-- Source data follows --

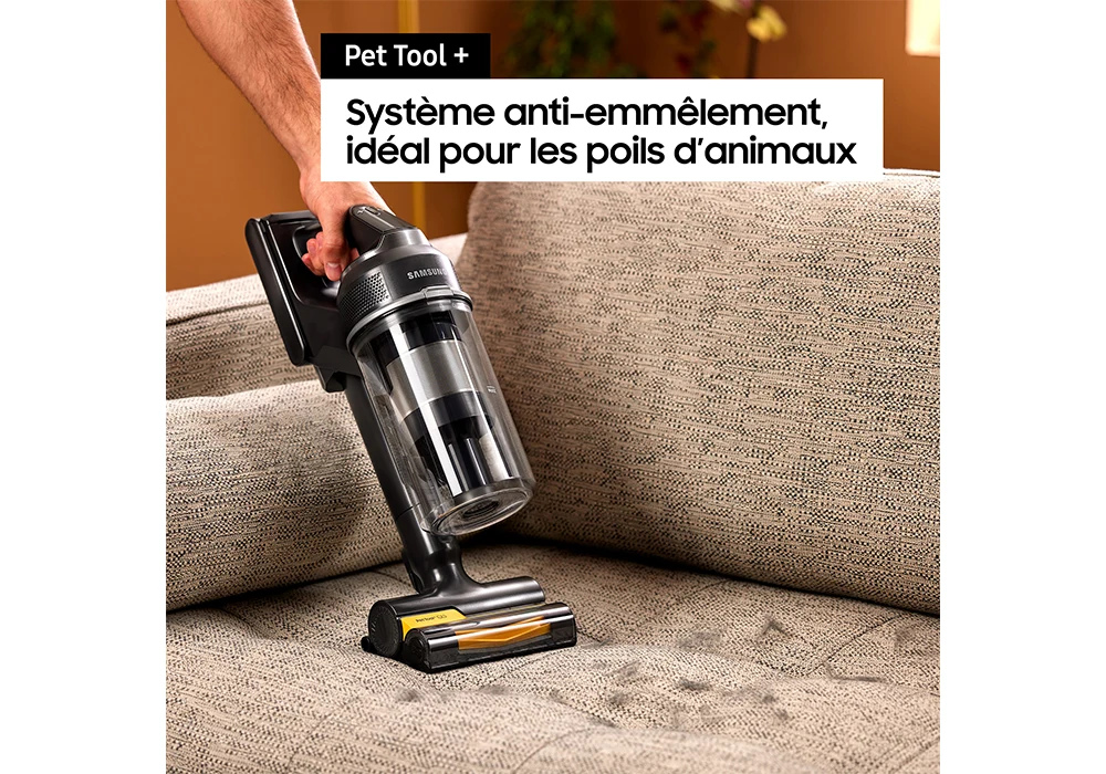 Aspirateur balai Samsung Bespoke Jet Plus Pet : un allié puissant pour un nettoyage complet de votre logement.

-- Source data concluded --
-- Source data follows --

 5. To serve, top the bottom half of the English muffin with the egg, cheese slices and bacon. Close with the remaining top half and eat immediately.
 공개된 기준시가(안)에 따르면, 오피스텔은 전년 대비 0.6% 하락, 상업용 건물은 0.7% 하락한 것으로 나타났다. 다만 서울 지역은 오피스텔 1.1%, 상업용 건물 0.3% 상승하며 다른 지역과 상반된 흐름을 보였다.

-- Source data concluded --
-- Source data follows --

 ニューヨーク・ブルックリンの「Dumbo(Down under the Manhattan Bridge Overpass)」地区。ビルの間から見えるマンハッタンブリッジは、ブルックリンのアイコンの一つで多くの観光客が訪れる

-- Source data concluded --

▶ [Exercise prompt]: Go through the material above and output exactly the lines from the one containing "5. To serve, top" through the one containing "공개된 기준시가(안)에 따르면, 오피스텔은".

▶ [Answer to this problem]:
 5. To serve, top the bottom half of the English muffin with the egg, cheese slices and bacon. Close with the remaining top half and eat immediately.
 공개된 기준시가(안)에 따르면, 오피스텔은 전년 대비 0.6% 하락, 상업용 건물은 0.7% 하락한 것으로 나타났다. 다만 서울 지역은 오피스텔 1.1%, 상업용 건물 0.3% 상승하며 다른 지역과 상반된 흐름을 보였다.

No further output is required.